<<<<
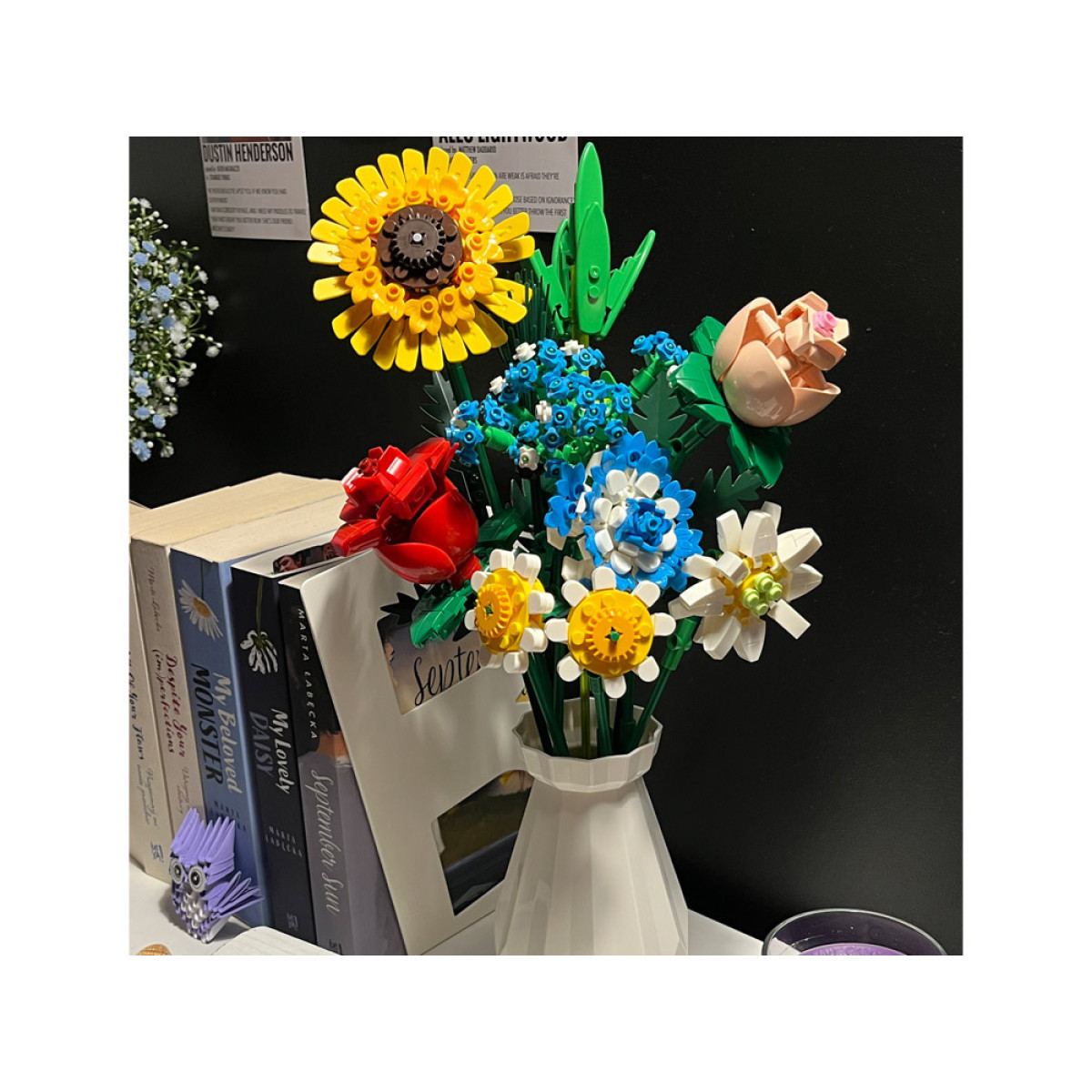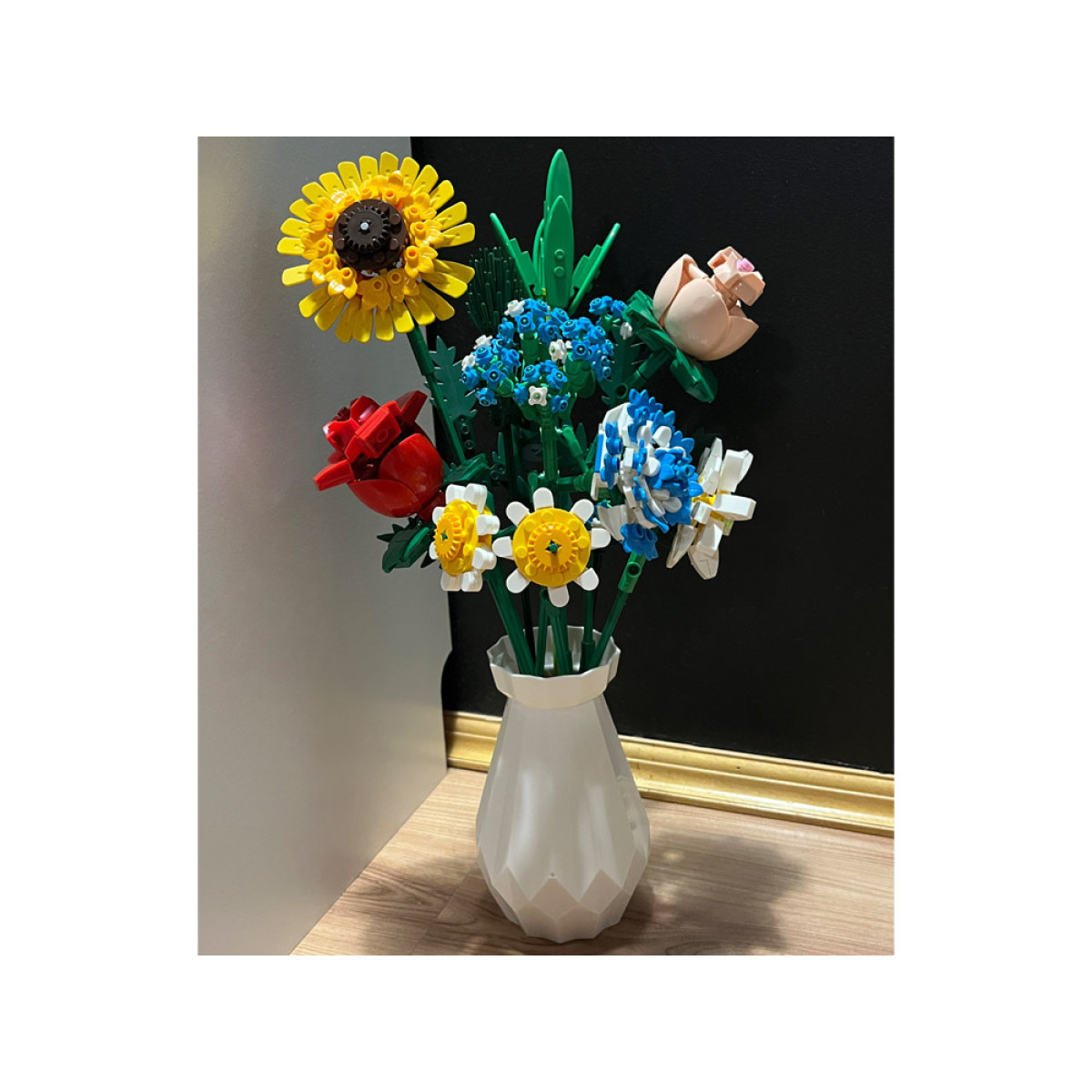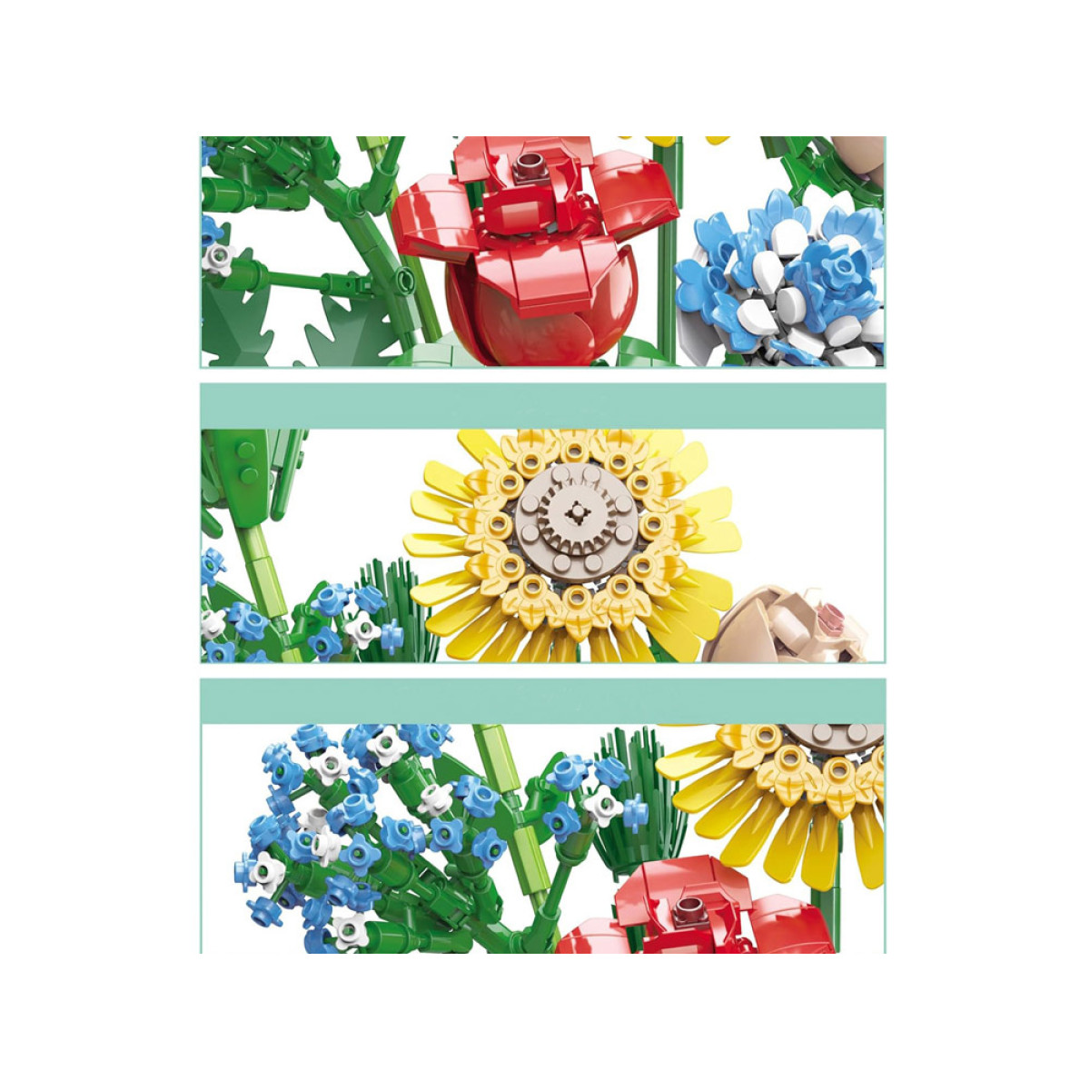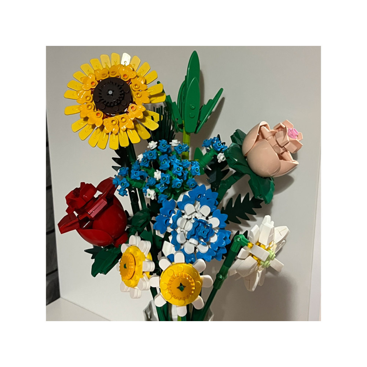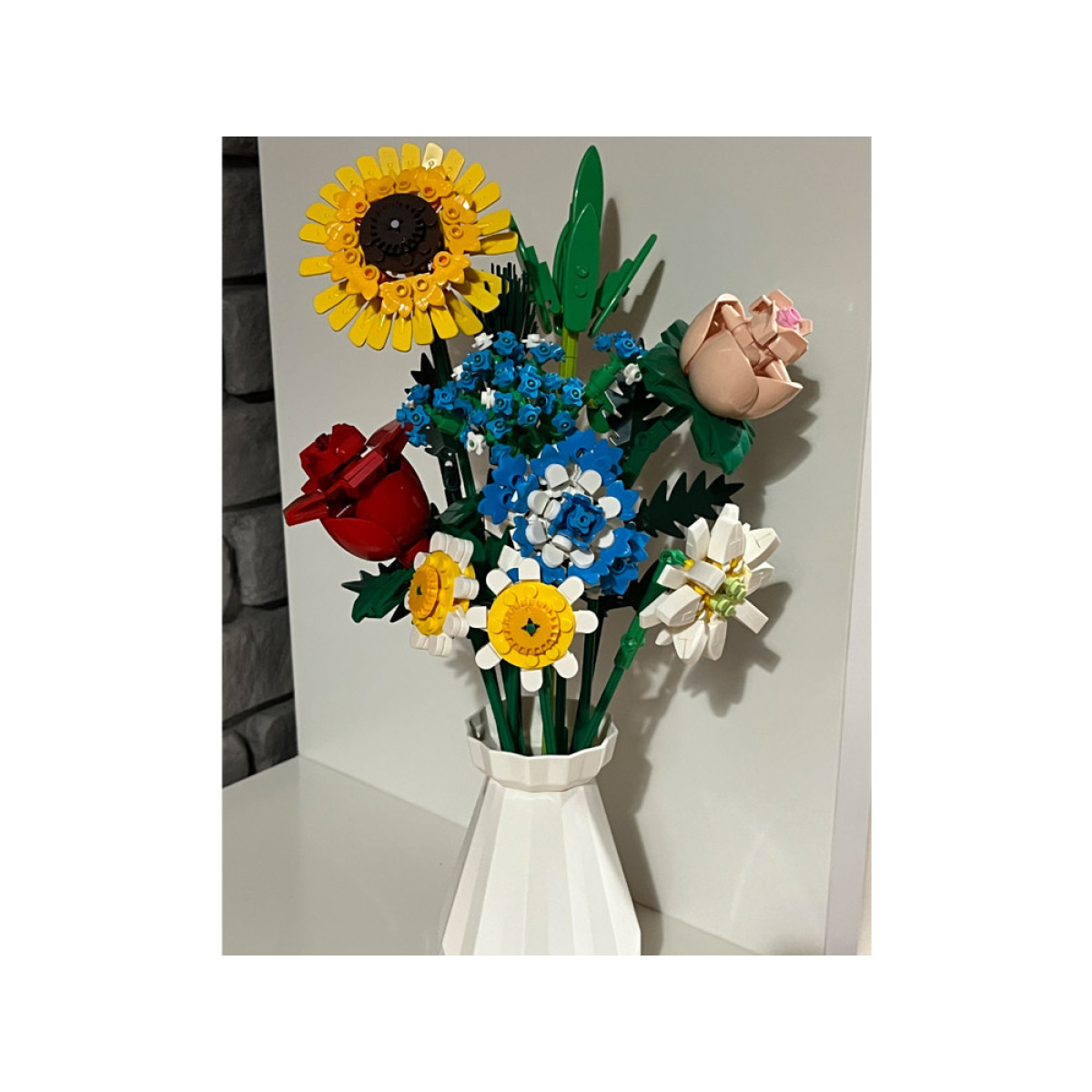 Konstruktoriosad on eri suuruste ja kujuga, mis rikastab kimbu esteetikat. Mõned osad võimaldavad lehti ja kroonlehti pärast kokkupanekut vabalt paigutada, kuna neil on liikumisvõimalus. See valik võimaldab meil kimbu vabalt koostada, mis muudab mängu huvitavamaks.
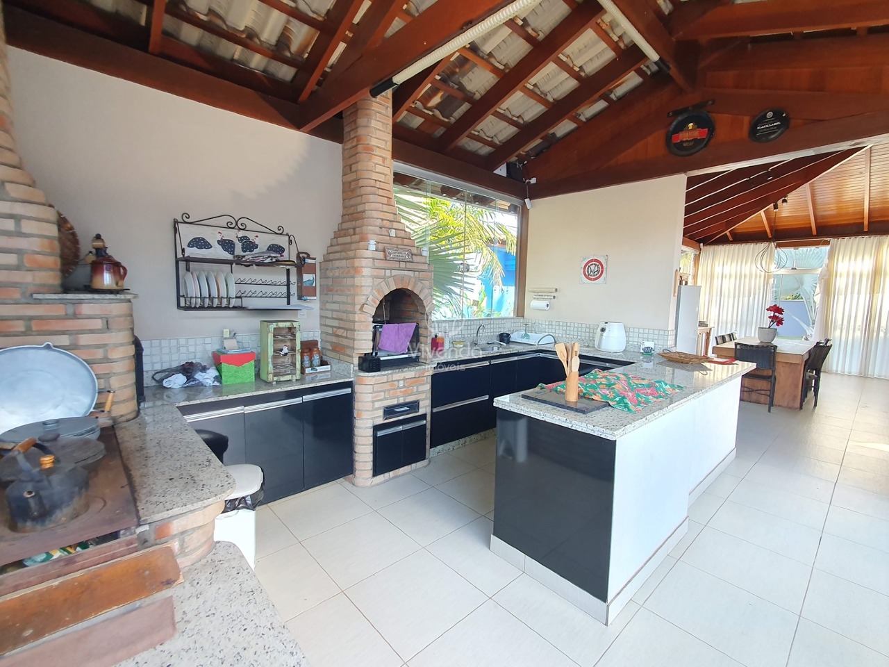 POSSUI 2 QUARTOS, SENDO UMA SUÍTE, LAVABO, SALA AMPLA PARA DOIS AMBIENTES INTEGRADA COM A COZINHA CONTENDO CHURRASQUEIRA E FOGÃO A LENHA.
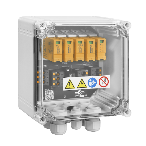 Der Weidmüller GAK ÜSS Typ I/II 2 MPPT CG ist ein innovativer DC-Generatoranschlusskasten, der speziell für private und gewerbliche Photovoltaikanlagen entwickelt wurde. Er bietet fortschrittlichen Überspannungsschutz für zwei MPP-Tracker und sorgt für maximale Sicherheit und Zuverlässigkeit bei der Energieübertragung.
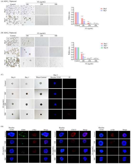 After 10 days, the secondary spheroids H460 and H292, which had comparable dimensions and shapes, were chosen. These spheroids were then treated with CLs at varying dosages (ranging from 0 to 500 g/mL), and their responses were monitored on days 0, 1, and 2. Individual CSC spheroids were visible in both the control and CL-treated cells on days 0, 1, and 2 (Figure 9C and Figure 10C). At the highest dose, CL treatment of CSC spheres drastically decreased the CSC populations in both H460 and H292 cells and resulted in a significant reduction in the size of CSC spheres in both cell lines, as shown in Figure 9C and Figure 10C, respectively. Interestingly, we observed that the spheroids were stained with PI after CL treatment at 250 and 500 µg/mL in both H460 (Figure 9C) and H292 (Figure 10C), indicating that CL exposure induced the death of CSC spheres.
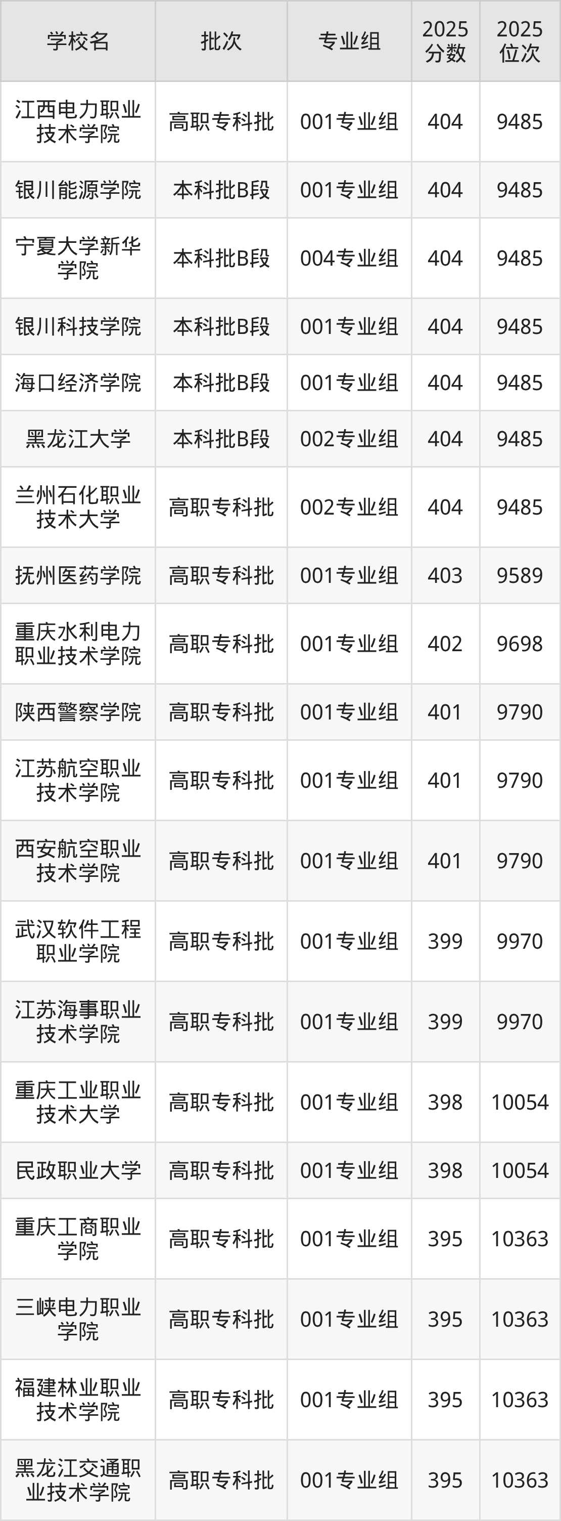 2025年宁夏高考历史类398分(9971名~10054名)能上的大学有民政职业大学001专业组、重庆工业职业技术大学001专业组。
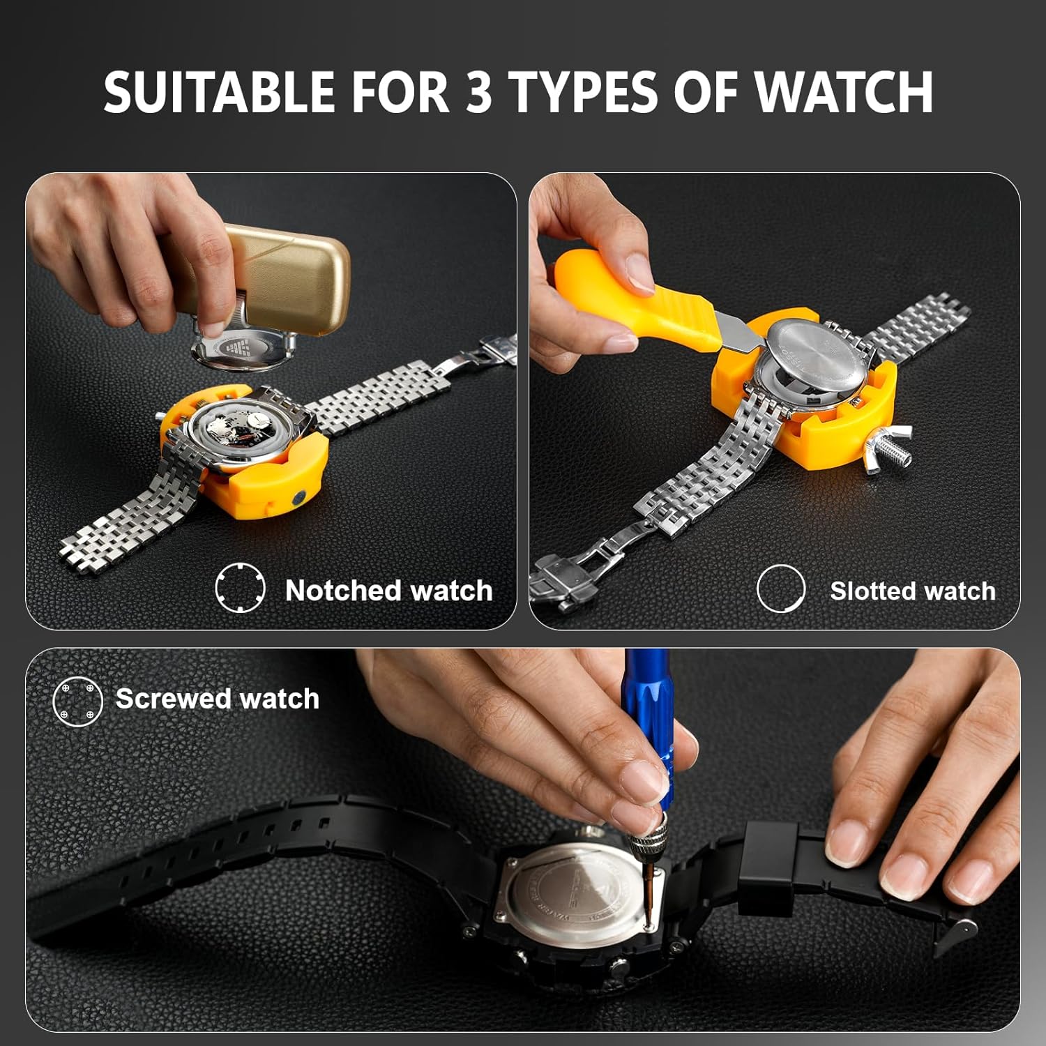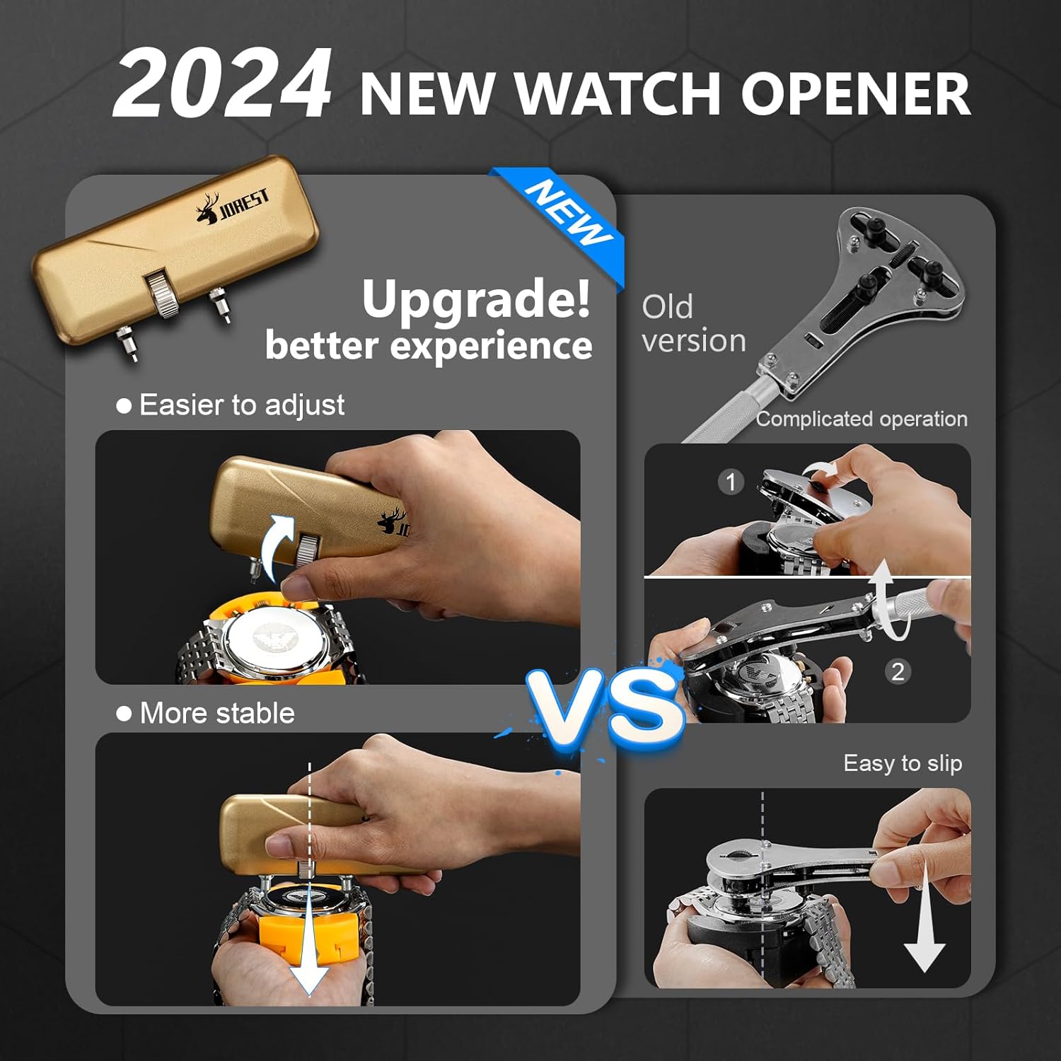 - 【2024 New Watch Opener & Presser】①The upgraded rotary watch opener is more stable and larger in size for a more comfortable grip; ②The new watch presser is more stable, more accurate and less labor intensive, so even women can do the job easily.
>>>>
**PROBLEM TO SOLVE**
Leave the pictures out and reproduce exactly the lines from the top of the listing above through the line with "POSSUI 2 QUARTOS, SENDO".

**EXPECTED OUTPUT**
 Konstruktoriosad on eri suuruste ja kujuga, mis rikastab kimbu esteetikat. Mõned osad võimaldavad lehti ja kroonlehti pärast kokkupanekut vabalt paigutada, kuna neil on liikumisvõimalus. See valik võimaldab meil kimbu vabalt koostada, mis muudab mängu huvitavamaks.
 POSSUI 2 QUARTOS, SENDO UMA SUÍTE, LAVABO, SALA AMPLA PARA DOIS AMBIENTES INTEGRADA COM A COZINHA CONTENDO CHURRASQUEIRA E FOGÃO A LENHA.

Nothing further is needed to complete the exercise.